Search code examples
pythongeneratorlazy-sequenceslexicographic

Generate strings in lexicographical order in Python


How can I write a Python generator that lazily generates all strings composed of lowercase English letters of up to a certain length1?

I have written my own solution (posted below as an answer), but I would like to see if there are any more elegant/efficient/fun solutions out there.


1 An infinite iterator would be pretty useless because it would just generate strings composed of only the character a.
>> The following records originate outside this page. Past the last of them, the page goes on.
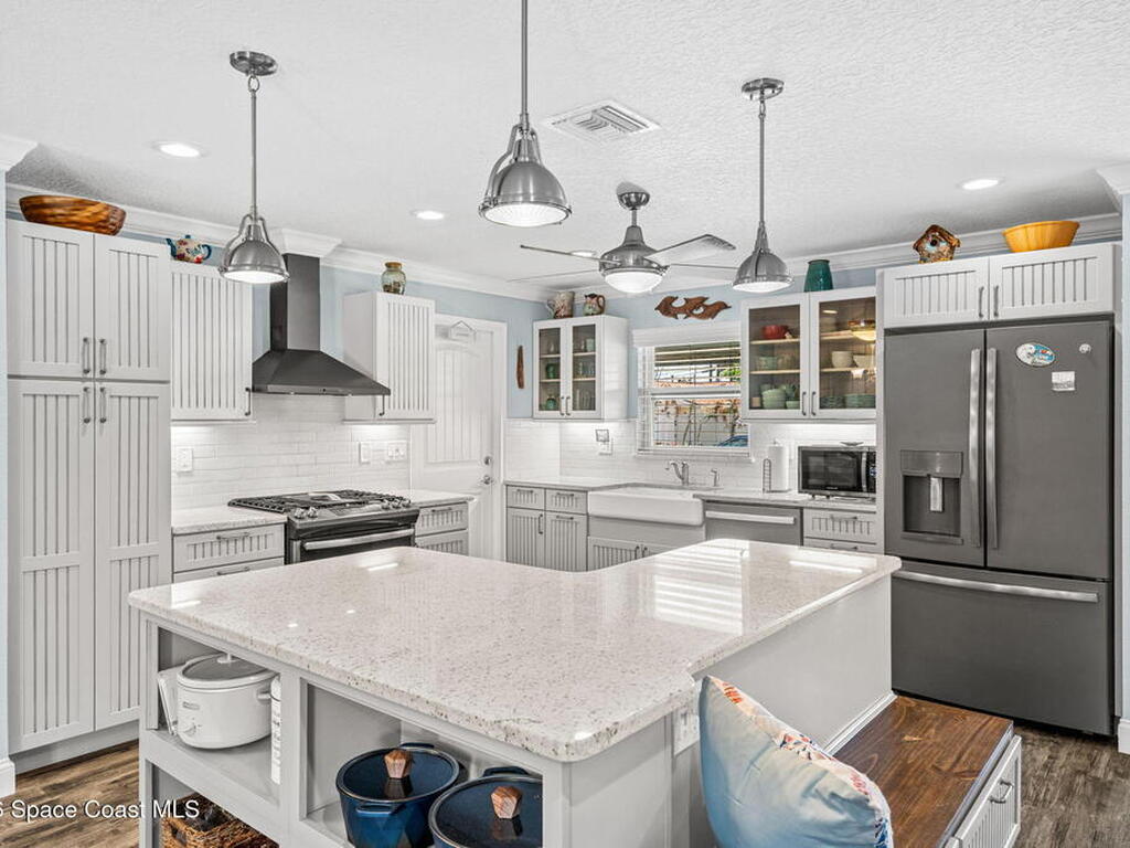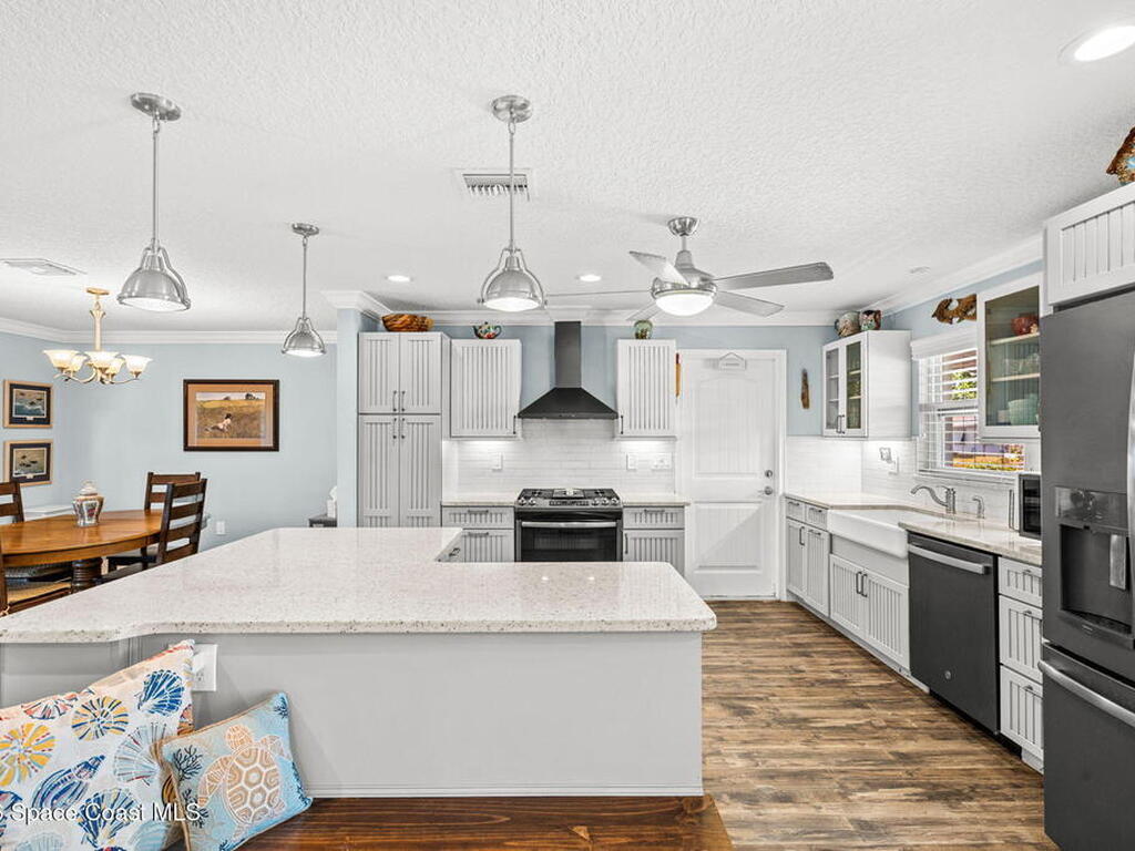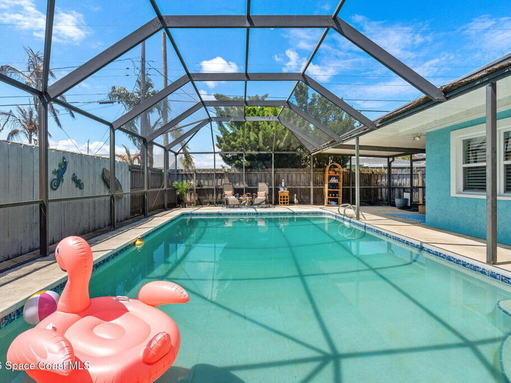 This beautifully updated 3 BR home on Merritt Island has everything you're looking for! Key features include:- Durable metal roof - Replaced cast iron plumbing for peace of mind - Modernized electrical system - Chef's kitchen w/granite countertops, stainless steel appliances, gas stove with hood and griddle, soft grey cabinetry, farmhouse sink - Updated baths for contemporary comfort - Tankless WH- Spacious great room with stunning stone fireplace - Screened and fenced lanai and pool area, perfect for relaxing or entertaining - Wider driveway designed for boat and trailer parking, plus jet skis and more - Attached garage providing ample storage and parkingFurniture is negotiable outside of the asking price, making it move-in ready or customizable to your taste. Ideal for full-time adult living, a family with local schools nearby, or as an investment--No HOA or rental restrictions! Possibilities are endless with this versatile home!Schedule a private showing now!!
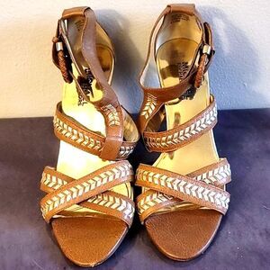 Michael Kors Tan and Gold Strappy Heeled Sandal Size 6 1/2
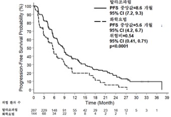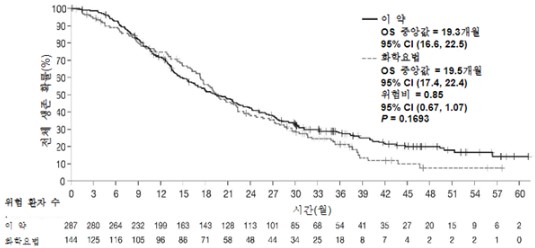 * PFS, ORR 및 반응기간은 2017년 9월 15일 데이터마감일(cut ‑off date)과 이 약 투여군에서 13.0개월 (95% CI: 11.1, 18.4) 및 화학요법군에서 7.2개월(95% CI: 4.6, 11.1)의 PFS에대한 추적관찰 중앙값 기준으로 한다. OS는 2019년 9월 30일 데이터마감일(cut ‑off date) 기준이며, 이 약 투여군에서 44.9개월(95% CI: 37.9, 47.0) 및 화학요법군에서 36.8개월(95% CI: 34.3, 43.0)을 추적 관찰 중앙값에 기반하였다.
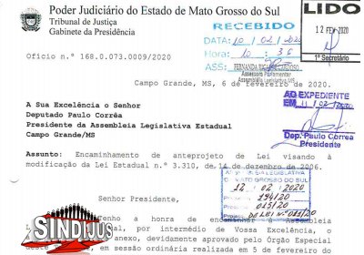 No dia 14 de janeiro, o Sindicato dos Trabalhadores do Poder Judiciário de Mato Grosso do Sul (SINDIJUS-MS) solicitou a concessão do direito por meio de proposição de projeto de Lei Estadual nesse sentido. CLIQUE AQUI para visualizar o documento na íntegra.
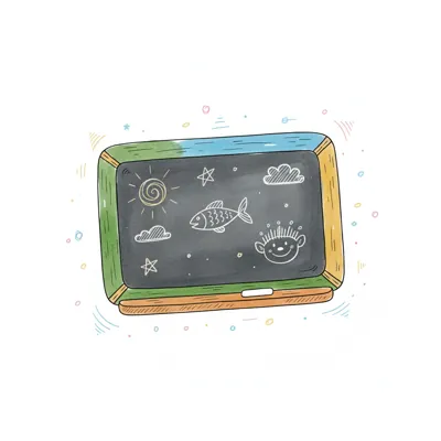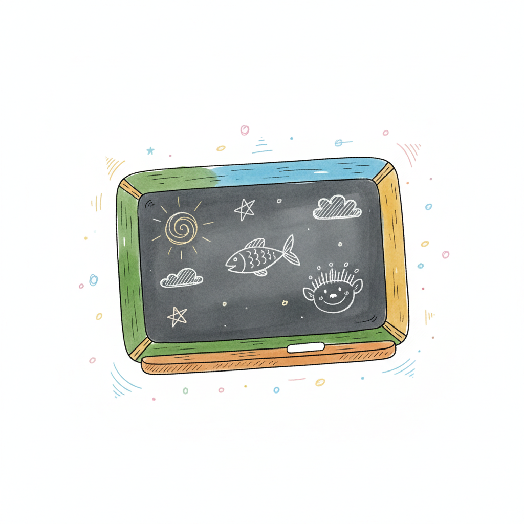Bunte Tafel mit Kreidezeichnungen: Sonne, Wolken, Fisch und lächelndes Gesicht in kindlichem Stil.
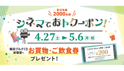 コレットマーレ(神奈川県横浜市)6階の映画館「横浜ブルク13」(運営:ティ・ジョイ)は4月27日~5月6日の期間、各日先着2000人の来場者にコレットマーレで使える200円分の買い物・飲食券をプレゼントしている。
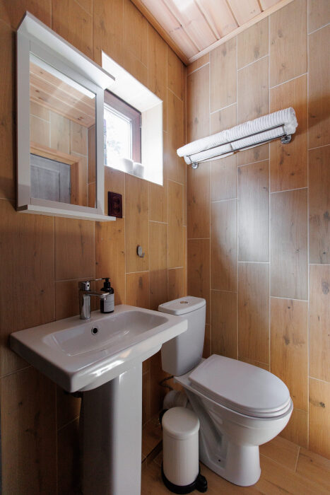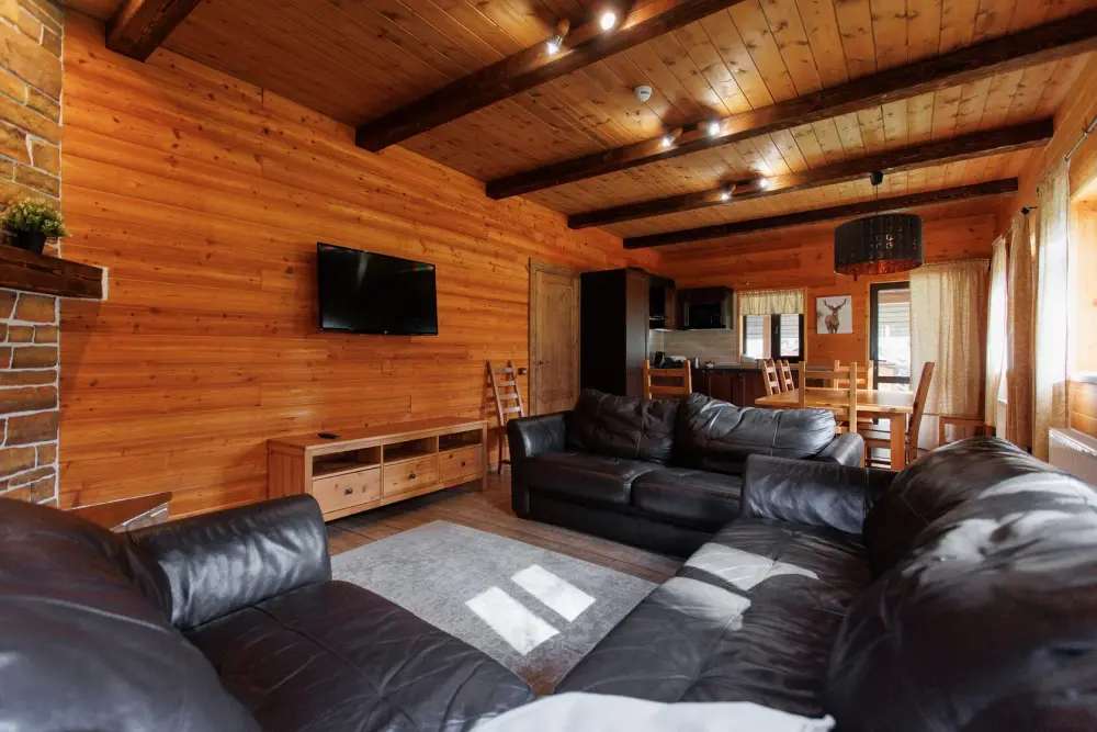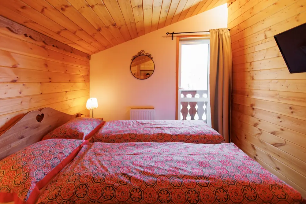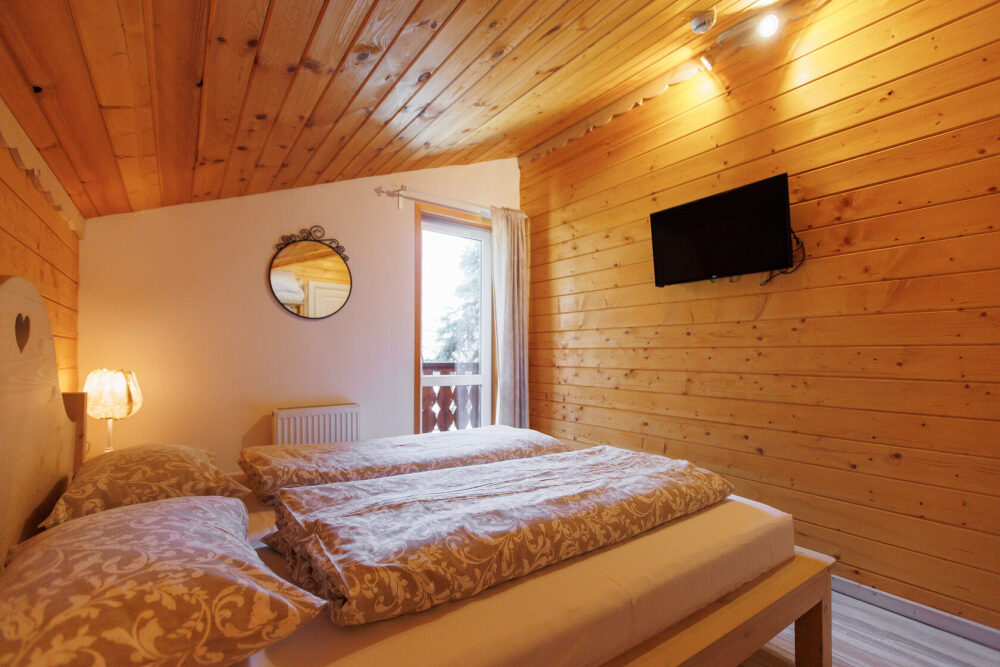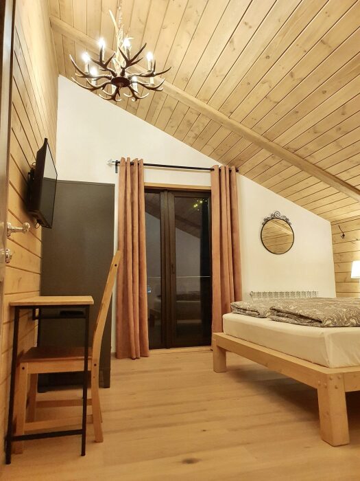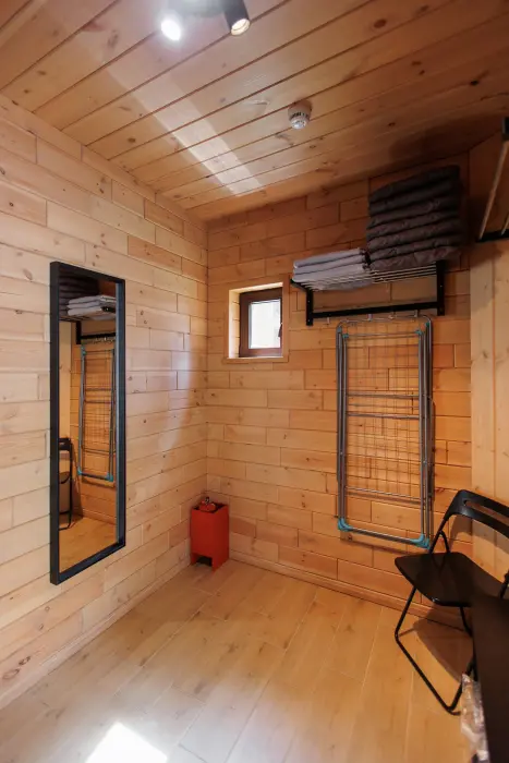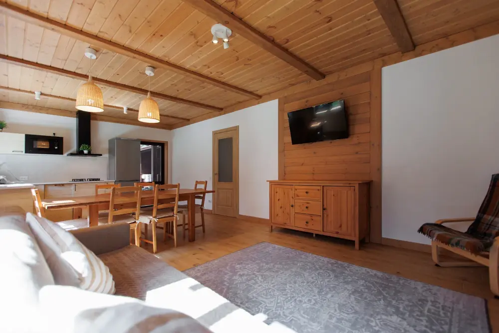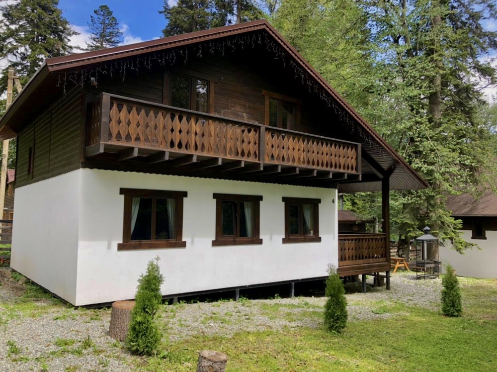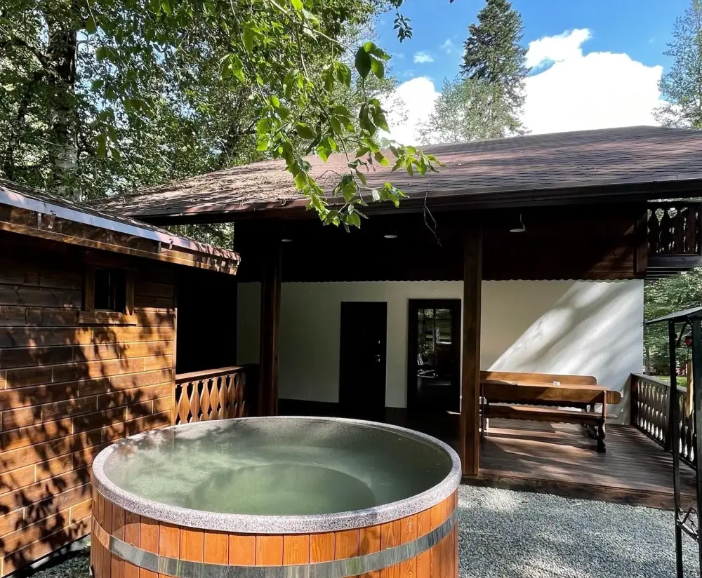 Удобства в шале: отопление (батареи, теплые полы), баня и чан (оплачивается дополнительно), постельное белье, полотенца, плита для приготовления пищи, посуда, столовые приборы, кухонные принадлежности, моющие принадлежности, электрокамин, терраса, обеденная зона на улице.
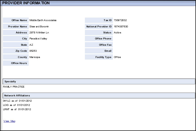 Note: You may see the View Map link on a Provider Information page. Clicking on this link will bring up a map of the location through MapQuest. You will not see this link if the address information is insufficient. We also cannot guarantee that MapQuest will be able to produce a map.
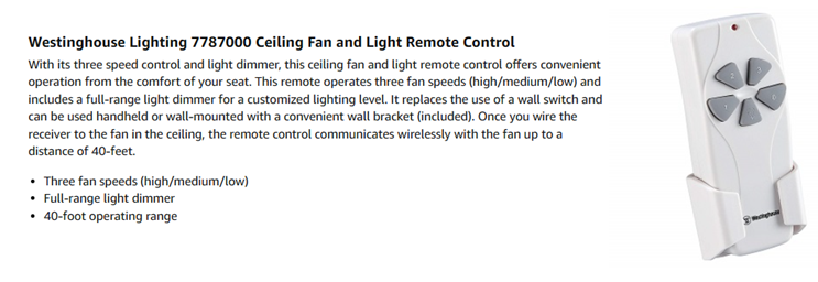 | Included Components | ceiling fan remote controls |
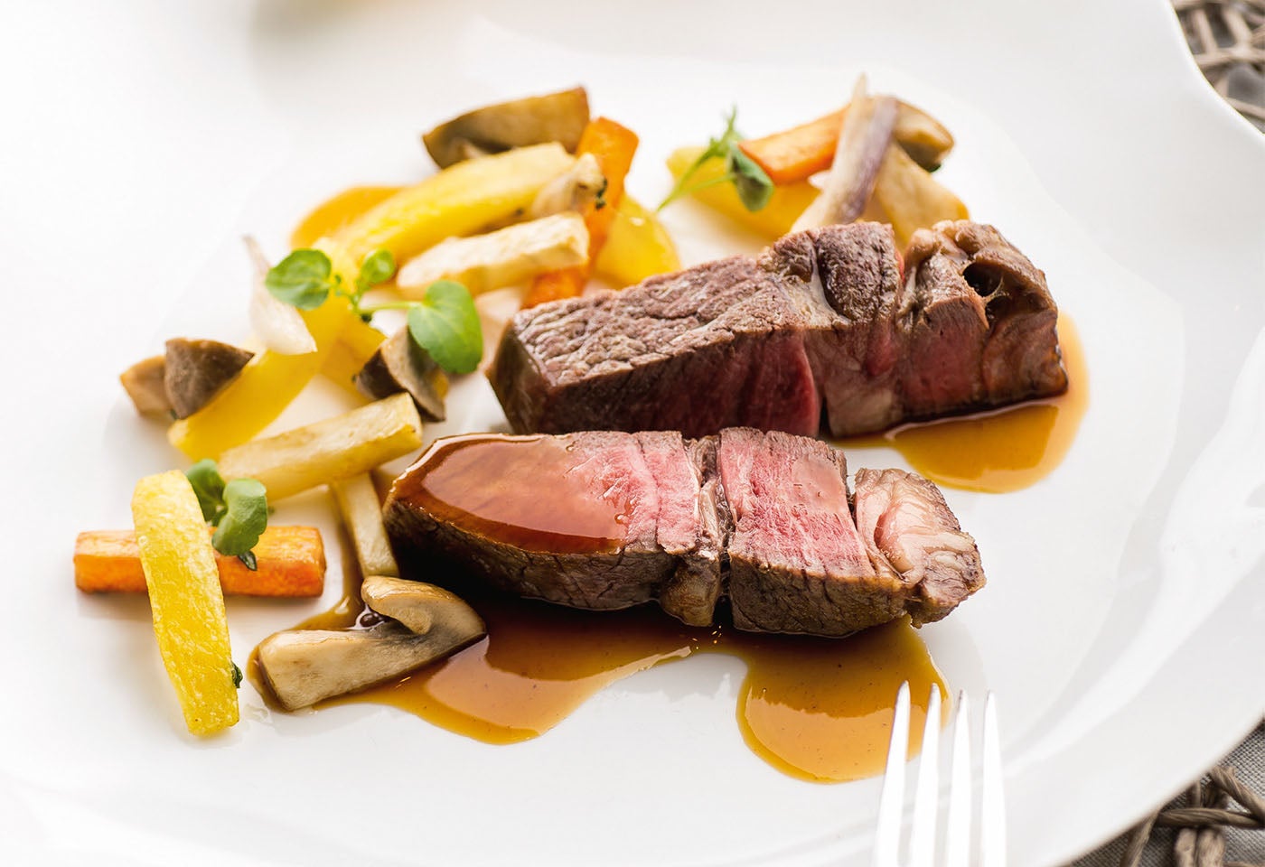 Gans mit Zwiebel-Orangen-Füllung, Maroni-Rotkraut und Serviettenknödel
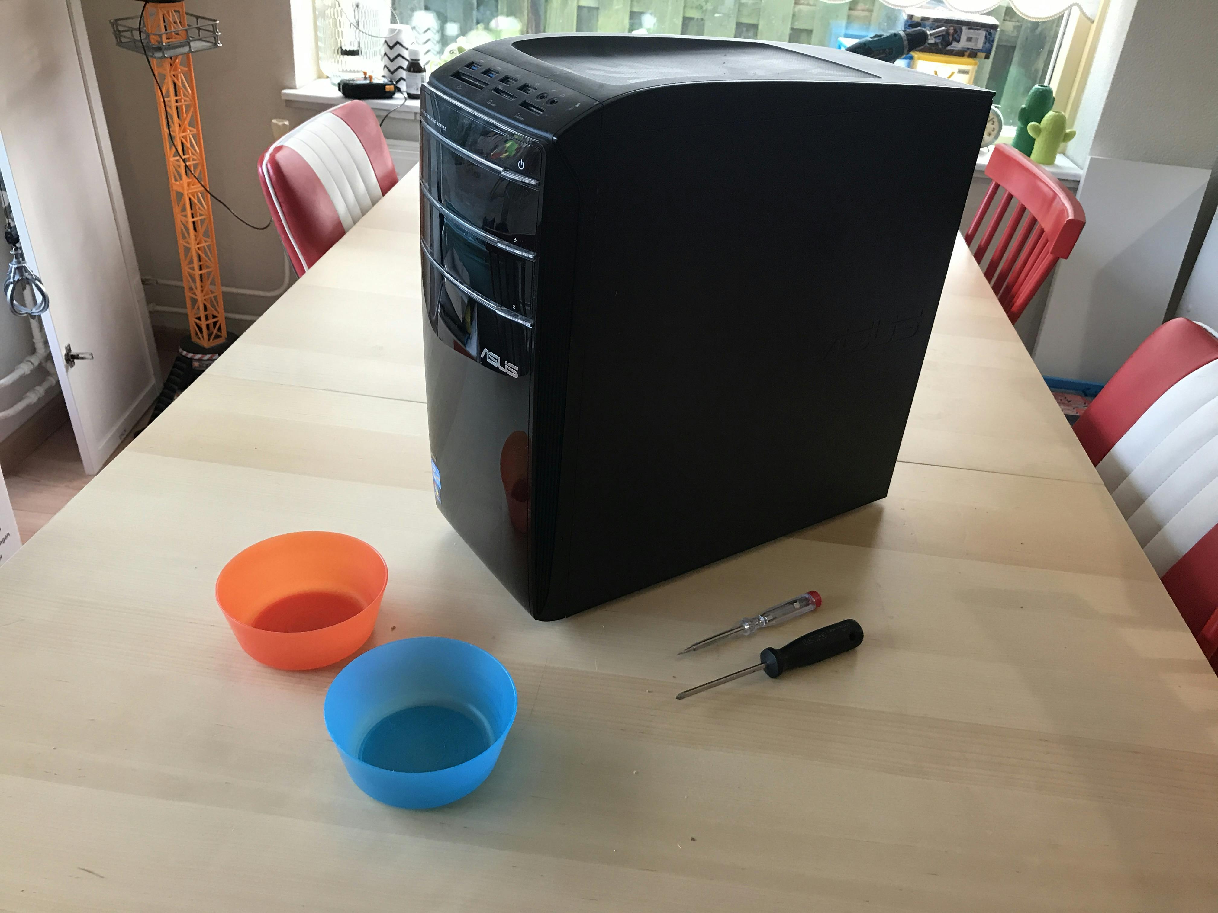 Gaan we dan nu eindelijk een component vervangen? Bijna: er is nog één stap die we eerst moeten uitvoeren. In een ideale wereld maak je namelijk regelmatig je computer schoon – vanbuiten én vanbinnen. In werkelijkheid doet bijna niemand dat, ook al is dat wel degelijk noodzakelijk. Stof aan de binnenkant van de systeemkast kan er bijvoorbeeld voor zorgen dat de koeling enorm veel herrie maakt, of erger nog: dat de ventilatoren van je koeling verstopt raken en niet meer draaien. In dat geval kan de temperatuur in je systeemkast zo hoog oplopen dat componenten onherstelbaar beschadigd kunnen raken. Het is natuurlijk niet de bedoeling dat je met je stofzuiger door je systeemkast gaat lopen raggen; daar kun je gewoon een busje perslucht voor kopen. De eerlijkheid gebiedt ons echter te zeggen dat we hier echt weleens de stofzuiger voor gebruiken. Die is immers geschikt om grote dotten stof mee weg te zuigen, als je er maar voor zorgt dat je wegblijft van de componenten, kabeltjes enzovoort, want die kunnen natuurlijk niet zo goed tegen de zuigkracht van je stofzuiger.

This is because the lexicographical ordering of strings is not a well-order; it can be thought of as composed of an infinite sequence of infinitely nested sequences: (a, (aa, ...), (ab, ...), ...), (b, (ba, ...), (bb, ...), ...), ... The generator would never reach ab since it has an infinite amount of predecessors.


Solution

  • Here is my solution:

    import string
    
    
    def lexstrings(max_length: int, alphabet=string.ascii_lowercase):
        yield ""
        if max_length == 0: return
        for first in alphabet:
            for suffix in lexstrings(max_length - 1, alphabet=alphabet):
                yield first + suffix
    

    Example:

    >>> g = lexstrings(max_length=3, alphabet="ab")
    >>> list(g)
    ['',
     'a',
     'aa',
     'aaa',
     'aab',
     'ab',
     'aba',
     'abb',
     'b',
     'ba',
     'baa',
     'bab',
     'bb',
     'bba',
     'bbb']
    

    This might not be the best solution because it involves recursion and using the + operator m times to generate a string of length m, which isn't efficient because Python generates copies of the intermediate results (since strings are immutable).

    This implementation also "supports" the infinite version:

    >>> g = lexstrings(-1)
    >>> next(g)
    ''
    >>> next(g)
    'a'
    >>> next(g)
    'aa'
    >>> next(g)
    'aaa'
    ...